As stated at the beginning of this page, the roadmap is not fixed. We will keep an open mind on our tooling and continuously improve it.

Take WordPress as an example: While we don’t expect significant downsides for just publishing information, if we would like to develop more and more functionality on top of it, we might want to evaluate if WordPress is also the best option as a platform to continue to build upon. But in case we would exchange this for another solution, we will still be able to continue with Swae and our voting portal. 

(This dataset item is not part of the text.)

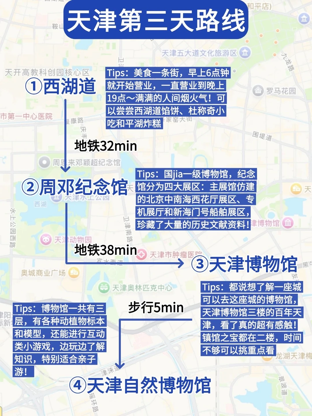 准备去天津玩 4 天,终于熬夜把攻略做好啦!!!姐妹们可以直接抄作业!门票🎫记得提前🐟约好,第一天和第二天有些景点其实挨着挺近的,如果时间不够可以选自己感兴趣的景点去哦 - ✅天津具体出行计划 🌆Day1:抵达天津→天津之眼→古文化街→意式风情区→世纪钟→津湾广场 🌉Day2:西开教堂→瓷房子→滨江道→小白楼→五大道 🌅Day3:西湖道→周邓纪念馆→天津博物馆→天津自然博物馆 🌌Day4:滨海站→海洋博物馆→东疆亲海公园→老码头→大梁子渡口 .

For, on the other hand, while we are very enthusiastic about them and their solution, we will test it in public and assess the learnings from that. We will list all desired improvements and evaluate the implementation scope, speed, and quality. While we hope and expect this will turn out to be a great partnership, our ‘best of breed’ approach would still leave us room to deviate from this path with limited impact. We can decide to test another application, or we can move gradually to developing more functionality dedicated to our use cases. (But of course, we prefer to see it succeed!)

Future developments

We already have a long list of ideas that would be cool to develop, like ‘Weighted liquid rank reputation’, Liquid democracy, Wallet login, Project governance tools, and more. Any expertise in the Community on these subjects is very welcome. And, as mentioned above, eventually, I expect to see some of the desired improvements appear as proposals for Deep Funding that we can all give feedback and vote upon.